Community Pharmacists as Gateway Practitioners
As gateway practitioners, community pharmacists have some of the most significant opportunities to intervene and prevent unnecessary antibiotic use, which is strongly associated with increased resistance. Patients often go to their community pharmacy first to seek advice regarding infections and OTC medications to alleviate their symptoms. Pharmacists may counsel patients on viral infections, the futility of antibacterials for them, and recommend appropriate OTC products for supportive care. Avoiding an unnecessary trip to a physician's office can prevent the pressure that physicians may feel to prescribe antibiotics that they do not believe are necessary. Of course, pharmacists should refer a patient to see a physician if a bacterial infection is suspected, the patient is severely ill or complicated by significant comorbidities, the infection is prolonged, or the pharmacist is not comfortable judging that a mild viral infection is present. A useful resource for pharmacists regarding these counseling points is the CDC Web site Get Smart: Know When Antibiotics Work.20
Pharmacists are crucial to promoting currently available vaccines. Vaccines can decrease the use of antibiotics directly by preventing primary infection and indirectly by preventing bacterial superinfection after a primary vaccine-preventable illness, such as influenza.21 Pharmacists can screen patients and identify those in need of immunizations at various time points and places: admission to a health care facility; visits to community pharmacies; at a specific age; for certain chronic conditions, medical or surgical procedures; and at certain times of the year.22 Pharmacists can also now administer vaccines in the community setting in every state.23
Perhaps the most important pharmacist role in preventing antibiotic resistance is that of an educator. Due to many misconceptions that exist about antibiotics and vaccines, addressing patient and clinician concerns is vital to increasing the understanding of the appropriate use of these agents. Some parents are hesitant about vaccinating their children because of the concern for side effects, both real and imagined. Pharmacists can help patients to separate fact from fiction regarding immunizations. They may also educate on antibiotic resistance, act as gateway practitioners as mentioned previously, and provide resources for clinical decision making so appropriate choices are made regarding antibiotics.

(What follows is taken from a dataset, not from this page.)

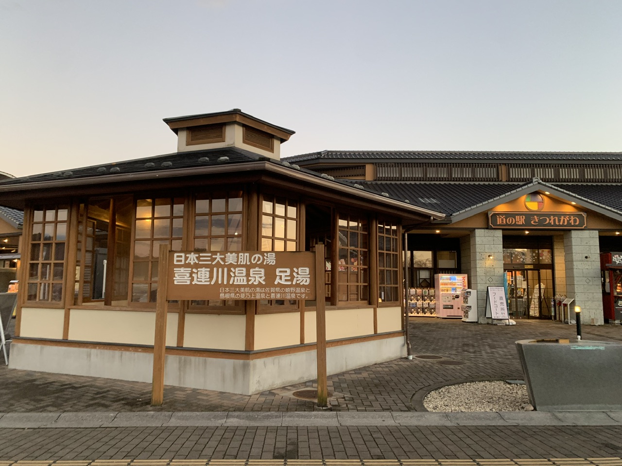 道の駅の駐車場に車を止めて施設が立ち並ぶ中央に足湯施設がありました。
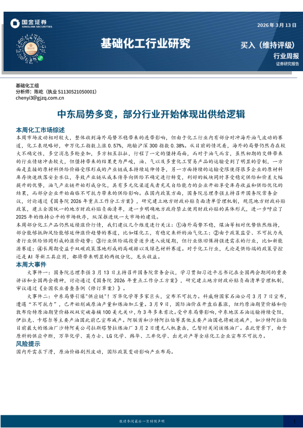 基础化工行业研究:中东局势多变,部分行业开始体现出供给逻辑

Education regarding infection-control practices is also an important avenue for pharmacist involvement. Pharmacists may be proactive in regard to educating the public about important infection-control practices such as general hygiene, hand hygiene, cough etiquette, immunizations, and staying home when sick.24,25 These topics may seem like common sense, but patient understanding of these basic infection-control practices should not be overestimated. Various tools are available online to support pharmacists in these endeavors. Pharmacists can access both print materials and tips on how to communicate with patients about respiratory viral infections, appropriate antibiotic use, and other relevant topics.20
Pharmacists have a responsibility to assist in the war on antibiotic resistance. They have the knowledge and resources at their fingertips to raise awareness and to act. There are multiple opportunities for pharmacists to assist in this campaign. The recognition of pharmacists as key members of antibiotic stewardship teams in health systems is a milestone in infectious-diseases pharmacy practice. Community pharmacists have a critical role to play in combating antibiotic resistance as front-line practitioners who can educate and vaccinate patients.
Without significant intervention, we are coming to the end of the days where 10 different antibiotics can be utilized to treat a serious E coli infection. If we do not make it our problem now, it will certainly be our problem later when we are asked what antibiotic to use for a pan-resistant E coli infection and the answer is: nothing.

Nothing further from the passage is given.